WireGuard roaming behind a load balancer

Samuel Holland samuel at sholland.org
Thu Jan 17 01:40:05 CET 2019

On 01/16/19 18:21, Ivan Labáth wrote:
> In your setup, where H,A,B are wg nodes, and
>   (H)A - B
> is switched to
>   (A)H - B

I assume here A and H are the active/hot-spare pair, and B is the remote node.

> B->HA traffic will be lost (considered junk) until either
>  - B's timer expires and a B->H rekey is issued (maybe 10s of seconds?)

To be precise, this timer is 120 seconds from the last successful handshake.

>  - H->B traffic and/or timer initiates a H->B rekey
> If HA can initate traffic to B, you may be able to rig a rekey soon,
> with a <1s outage, or even lossless in some circumstances, but you are
> going against the design of a host-to-host "stateless" vpn.

H can immediately send handshakes to all peers when it is brought up (and will
do so today if they have persistent keepalives set). But you need more than HA
being able to initiate traffic to B. B could have roamed to a new IP while it
was communicating with A. Then A would know about the new IP (because it
received an authenticated packet from there), but H would not.

So you need some way to stream endpoint updates between A and H. I'm not sure if
WireGuard's netlink has a way to push endpoint changes (that would be nice), but
you could at least poll netlink on the active host, and push netlink on the standby.

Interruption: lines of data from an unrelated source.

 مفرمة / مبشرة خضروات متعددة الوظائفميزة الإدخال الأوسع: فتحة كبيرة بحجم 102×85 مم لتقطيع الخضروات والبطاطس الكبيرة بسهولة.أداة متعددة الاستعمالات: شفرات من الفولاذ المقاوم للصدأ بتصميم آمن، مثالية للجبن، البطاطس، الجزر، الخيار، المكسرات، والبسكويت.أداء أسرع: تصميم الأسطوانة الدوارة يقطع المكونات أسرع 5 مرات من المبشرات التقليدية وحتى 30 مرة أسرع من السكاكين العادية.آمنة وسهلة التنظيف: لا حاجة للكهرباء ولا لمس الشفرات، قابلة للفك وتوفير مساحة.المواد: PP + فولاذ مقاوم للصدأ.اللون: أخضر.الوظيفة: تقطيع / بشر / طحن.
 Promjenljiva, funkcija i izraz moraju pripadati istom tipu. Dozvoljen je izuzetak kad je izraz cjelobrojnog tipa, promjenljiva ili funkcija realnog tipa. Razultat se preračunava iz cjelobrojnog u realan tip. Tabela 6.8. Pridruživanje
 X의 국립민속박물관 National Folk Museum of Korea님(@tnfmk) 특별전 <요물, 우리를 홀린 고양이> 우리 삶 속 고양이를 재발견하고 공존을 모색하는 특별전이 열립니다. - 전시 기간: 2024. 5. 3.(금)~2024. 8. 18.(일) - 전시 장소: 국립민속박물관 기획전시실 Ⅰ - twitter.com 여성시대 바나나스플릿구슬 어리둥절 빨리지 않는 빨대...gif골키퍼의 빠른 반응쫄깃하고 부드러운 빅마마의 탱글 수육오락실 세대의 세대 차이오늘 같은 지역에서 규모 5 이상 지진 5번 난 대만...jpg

You could also extend the netlink interface with a way for userspace to request
a handshake on all peers. Then you could leave the interface up, and wouldn't
need any persistent keepalives.

> Real hot-standby HA VPNs with transparent lossless switching
> on the HA side usually share their ephemeral keys.

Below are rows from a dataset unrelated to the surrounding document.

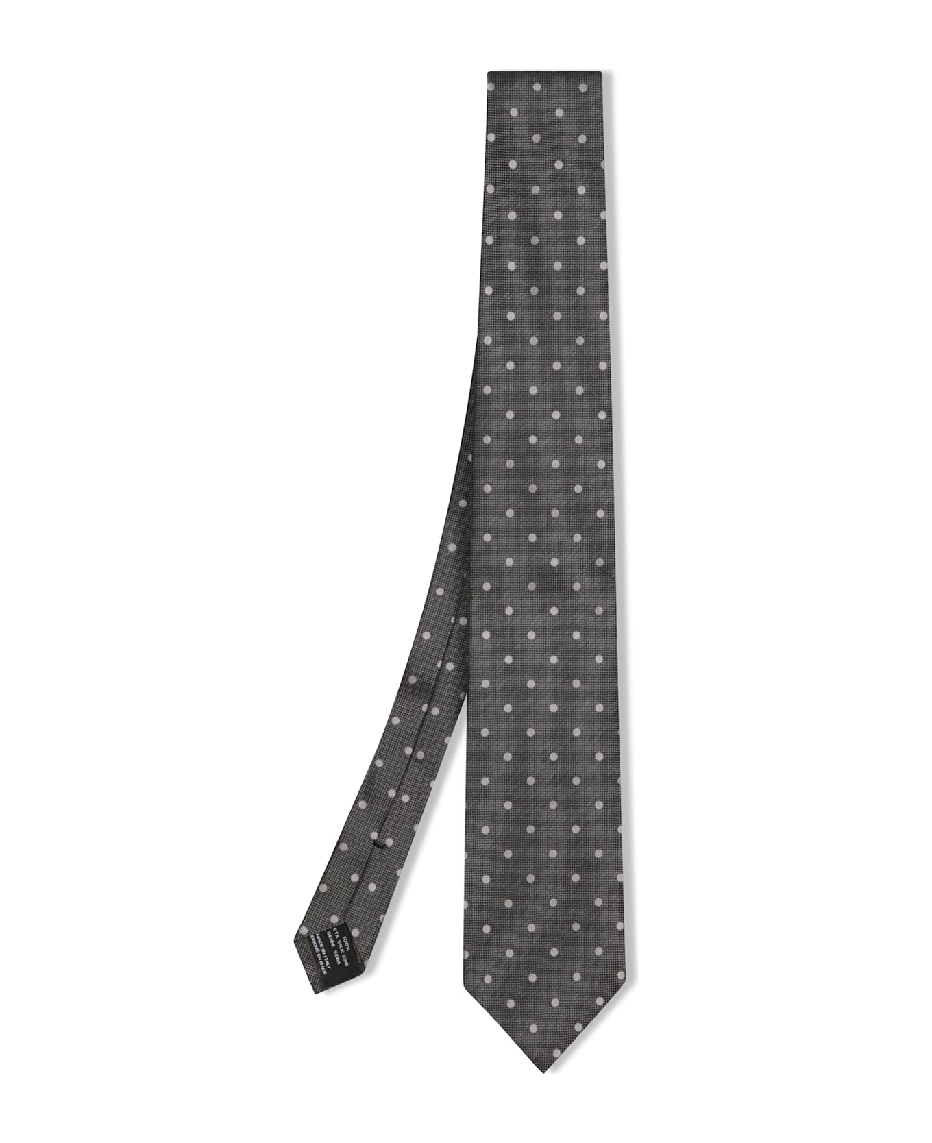 This elegant TOM FORD tie features a white polka dot pattern on a dark grey background, adding a distinguished touch to any formal attire. Composition: 100% Silk
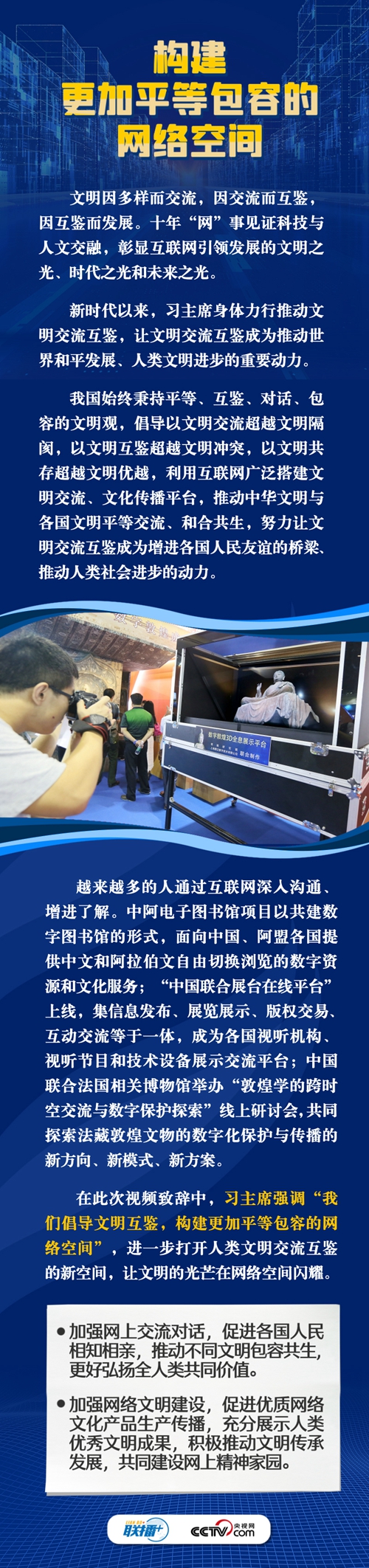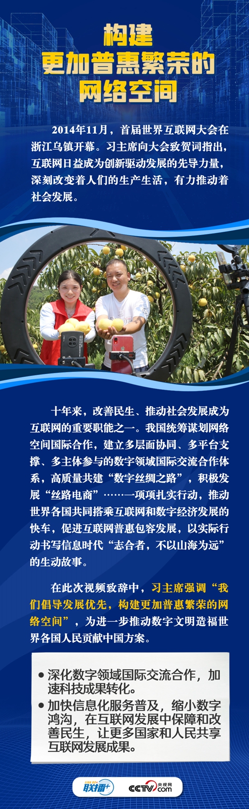 11月8日上午,國家主席習近平向2023年世界互聯網大會烏鎮峰會開幕式發表視頻致辭。 面對新的時代課題,習主席在此次視頻致辭中倡導構建更加普惠繁榮、更加和平安全、更加平等包容的網絡空間。這三個“網絡空間”具體內容是什么?構建網絡“新空間”有什么具體措施?央視網《聯播+》與您一同學習。
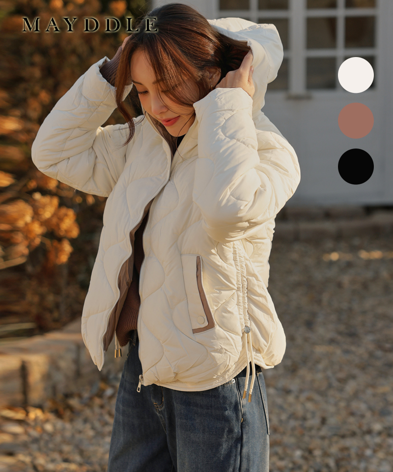 [영상핏]컬러배색 스트링 후드패딩 / 블랙 브라운 아이보리 집업점퍼 하프점퍼 한파 보온 허리스트링 꾸안꾸 캐주얼 딸선물 선물추천 데일리룩 겨울아우터 솜패딩 후디점퍼
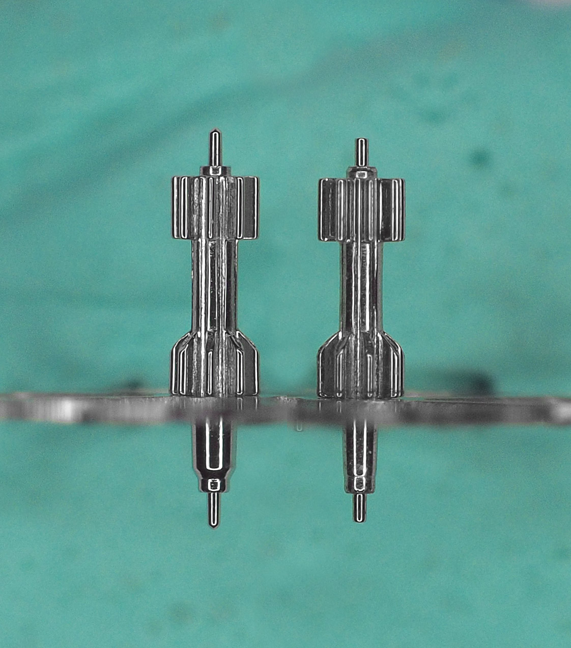 While we are on the subject of escape wheels, I have noticed that there appears to be a degree of received wisdom in circulation on the internet that an escape wheel from the 17 jewel versions of the base movement family could serve as a workable substitute, the availability of 6139 escape wheels being sparse to say the least. I believe I am now in a position to dispel any suggestion that the part number 251611 as fitted to 17 J versions of the 6105, 6106 and 6119 is essentially the same as the analogous 251612 part as fitted to the 17 J 6139B. The photo below is a merging two, one taken of the 6139B escape wheel pinion (left) and one of the 6106C escape wheel pinion (right).
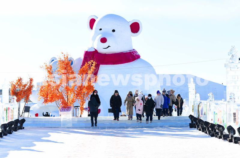 2024年12月12日,游客在满洲里“冰雪童谣”主题乐园游览。
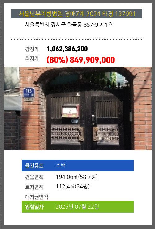 | 건물면적 | 194.06㎡ (58.7평) | 채무자 | 원** | 최저가 | (80%) 849,909,000 |
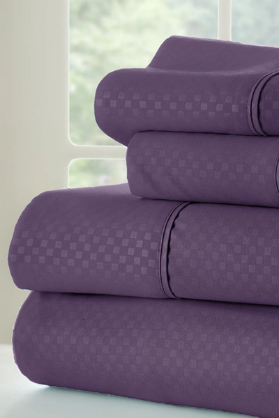 The Hotel Collection Embossed 4-Piece sheet set by ienjoy Home is designed with your comfort in mind. Add a designer accent to your bedroom decor with this timeless checkered pattern artistically created to be a wonderful addition to any bedroom. Made of the finest imported double-brushed microfiber yarns creating a new standard in softness and breathability, this 4-piece sheet set will make it incredibly hard to get out of bed in the morning. Our premium yarns are two times more durable than cotton, completely wrinkle free, and perfect for all seasons. Fits a California King Sized Bed. Color: Purple. ImportedSet Includes:. 1 Fitted Sheet: 72" W x 84" L. 1 Flat Sheet: 108" W x 102" L. 2 Pillowcases: 20" W x 40" LOrders cannot be shipped to Canada, Puerto Rico, APO, FPO or P.O. Boxes.

Sharing ephemeral keys would avoid the need for a new handshake at failover, but
that is very little benefit, since handshakes happen every couple of minutes
anyway. More importantly, sharing keys comes with the security risk of sending
your most sensitive data over the network. Anyone with those keys can decrypt
VPN traffic in real time.

Plus you *still* need the updated endpoint information to send packets from H to
B before B sends anything to AH, even if the session key is still valid. So I
highly recommend against attempting to extract the ephemeral keys from the kernel.